Aggression by mares towards people is normal during the first few days after parturition. Moderate aggression directed towards the foal is also a part of normal maternal behaviour. This behaviour is hormonally driven and usually wanes with time. The most common agonistic behaviours are bite threats and biting. Aggressive maternal behaviour may also include head threats with ears pinned, squealing, swishing of the tail, pushing the foal with the head, kick threats and kicking.
In most instances’ foals do not respond to maternal aggression, moderate aggression during suckling is usually associated with pain in the udder. Mares may be aggressive towards other horses and humans during the first few days after foaling even if they are normally gentle. The aim of this behaviour is to keep a foal away from other horses during the period in which the foal learns to recognize its dam.
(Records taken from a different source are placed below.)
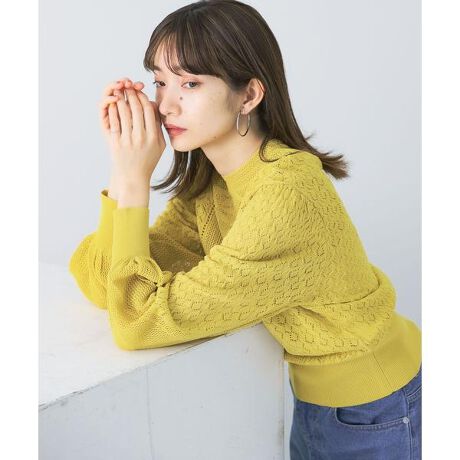 様々なパターン編みを組み合わせたレトロなムード漂うニット。コンパクトなサイズ感&女性らしいボリュームスリーブが魅力的。ベーシックで合わせやすいOFF、アクセントになるフレッシュなYELLOWとBLUEをご用意しています。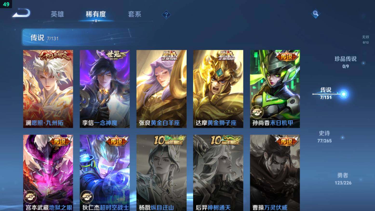【传说】:澜愿照九州拓,李信一念神魔,张良黄金白羊座,达摩黄金狮子座,孙尚香末日机甲,宫本武藏地狱之眼,狄仁杰超时空战士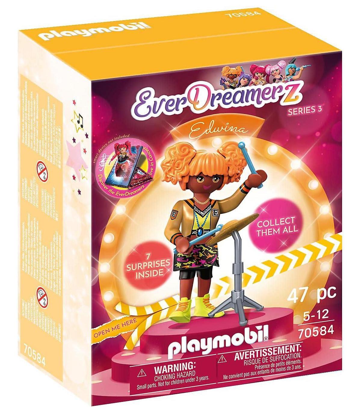 Edwina es la deportista de las chicas. Es aventurera, abierta a desafíos y le gusta probar cosas nuevas. Muestra su adaptabilidad y el sentido del ritmo con pasión en la batería. Incluye pulsera de silicona, perlas y amuleto de una batería, carta para coleccionar, pegatina y muchos accesorios. El emocionante viaje de ensueño de las EverDreamerz continúa. Esta vez el amuleto mágico lleva a las cinco amigas al glamoroso mundo de la música. La cantante Starleen está encantada de vivir finalmente su sueño de una gran carrera pop. Pero pronto las chicas se dan cuenta de que están atrapadas en un bucle temporal en el que todo se repite cada día. El astuto plan de Lady Nightmare parece funcionar. Edwina, la deportista, siempre está preparada para cosas nuevas, y después de poco tiempo muestra su talento en la batería. ¿Conseguirán Edwina y las EverDreamerz liberarse del ritmo interminable de esta pesadilla musical con pasión y sentido del ritmo? El juego contiene a la versátil del deporte, Edwina, con tambores y gato, pulsera de silicona, abalorios decorativos, pegatinas, carta y otros fantásticos accesorios. Con la función integrada de AR te acercas aún más al mundo de la música de EverDreamerz. Simplemente escanea la carta con tu smartphone y consigue la experiencia en vivo de EverDreamerz.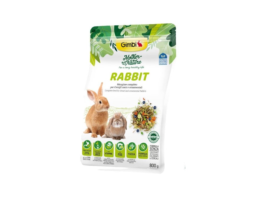 GIMBI MOTHER NATURE králík 800gKrmivo obsahuje potřebné množství bílkovin, tuků a vitamínů. Vysoký obsah hrubé vlákniny prospívá trávení. Vitamíny pro dobré kosti, svaly, zdravou kůži a lesklou srst. FOS a prebiotika juky zmírňují zápach stolice.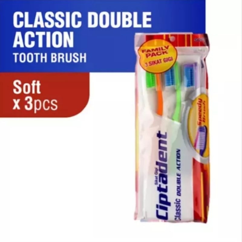 CIPTADENT Sikat Gigi Classic Double Action Isi 3 tersedia pilihan medium dan soft

Aggression toward humans or other animals, especially in confinement, can lead to foal injury. While rushing to interpose herself between the foal and perceived threat, the mare may trample or push the foal into an obstacle. Management aimed at avoiding evoking protectiveness when the foal is in a position where it might be trampled, coupled with deliberate training of the mare to accept necessary intruders usually are adequate solutions.
Because each mare is an individual, it is difficult to forecast maternal behaviour unless the mare has foaled previously. What might be normal and consistent behaviour for one mare might be abnormal for another. Mares should be familiarized with their caretakers before delivery and should have minimal contact with other strange people in the first few days post-delivery. The intensity of protectiveness typically subsides over the first few days, but some mares may persist for weeks. Injuries to the foal may be less likely in a large stall or paddock free of obstacles. In open spaces, mares are usually less inclined to accidentally injure the foal.